Changelog • gao

gao 0.5.0

CRAN preparation release.
Bundled RDS shrunk from 6.4 MB to 3.7 MB by storing only 14 core columns with xz compression. The 82 indicator columns are now computed on the fly by gao_links() and cached in memory.
New gao_update_data() function downloads the latest data from GitHub Releases using base R download.file() — no curl-impersonate needed. gao_links() checks for user-local cached data before the bundled copy.
auto_download() now offers to check for updated data in interactive sessions before proceeding.
Daily CI workflow now uploads the RDS to a pinned GitHub Release (data-latest) for gao_update_data() to fetch.
Fixed missing lifecycle-deprecated.svg badge referenced by extract_pdf_links.Rd.
Updated CITATION.cff to match current version and license.

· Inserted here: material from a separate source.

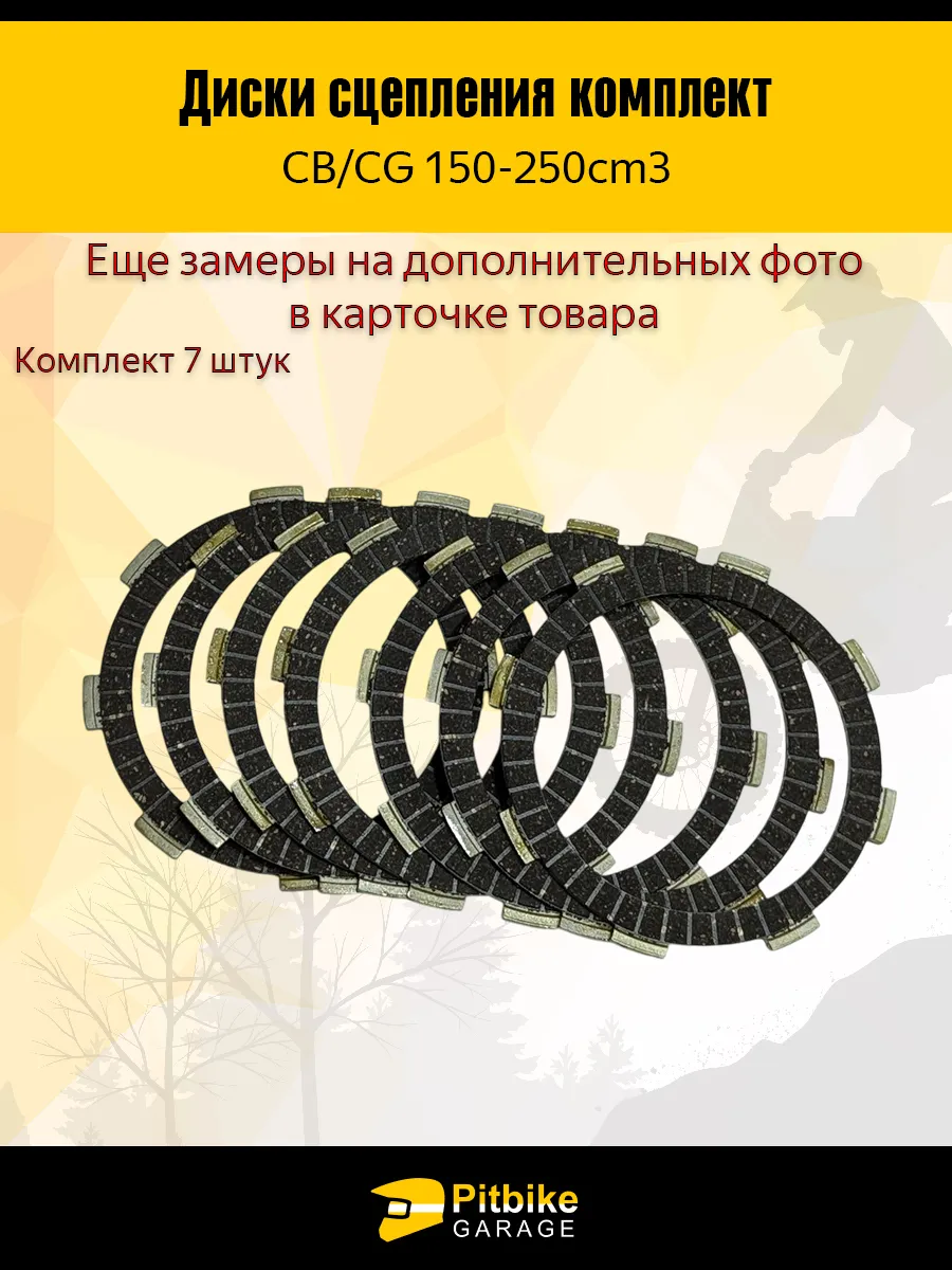 Диски сцепления комплект 7 штук, фрикционные. На картинке под номером 4. Подходит на многие вертикальные воздушки CB/CG 150-250 см3. В разных двигателях стоит разное кол-во дисков. Подходит на двигатели: ZS165/166FMM, ZS172FMM-3A (CB250-F), ZS172FMM-7 (CB250RL), ZS174MN-3 (CBS300). В двигателе ZS172FMM-5 (PR250) - в простонародье 172 с балансиром, в корзине стоит 6 дисков. Есть и водянки, на которые подходят эти диски: ZS169MM (CB250-A), ZS170MM-2 (CB250). Перед покупкой рекомендуем сверять размеры деталии, указанные на фото или в описание и кол-во дисков установленных на вашем моторе.

New extract_text() function for extracting text from downloaded PDFs. Requires pdftools (added to Suggests).
Bundled dataset now includes page_count, topics, and subject_terms columns. gao_links() returns a 9-column data.frame.
Full metadata backfill: title, published, released are now 100% populated across all 56,000+ reports. summary at 97.5%.
Missing report_id values filled from URL slugs (now 100% complete).
Page counts extracted from 55,000+ PDF archive and matched to metadata via URL slug and report ID (80.7% coverage).
Daily CI workflow now backfills page_count for newly added reports.
Fixed update_links() column mismatch when bundled data has columns that new scrape results lack.
License changed from MIT to GPL (>= 3).

Breaking: gao_links() now returns a data.frame with columns url, title, report_id, published, released, and summary instead of a character vector.
Bundled dataset switched from text (.txt) to RDS (.rds) for compression with rich metadata.
Year filtering in auto_download() now uses published date and fiscal year calculation instead of regex on report IDs, fixing ~29% of reports with legacy ID formats that previously yielded NA years.
extract_links() and update_links() now return data.frames with full report metadata.
Fixed R-CMD-check GitHub Action syntax error (args parameter).

Added auto_download() convenience wrapper that handles the full pipeline (load links, filter by year, download as PDF/HTML) in one call.
PDF URLs are now constructed directly from report IDs, avoiding one HTTP request per report compared to extract_pdf_links().
Interactive prompts for format and year range when arguments are omitted.
Non-interactive safety: confirm = TRUE errors unless explicitly set to FALSE, preventing accidental mass downloads.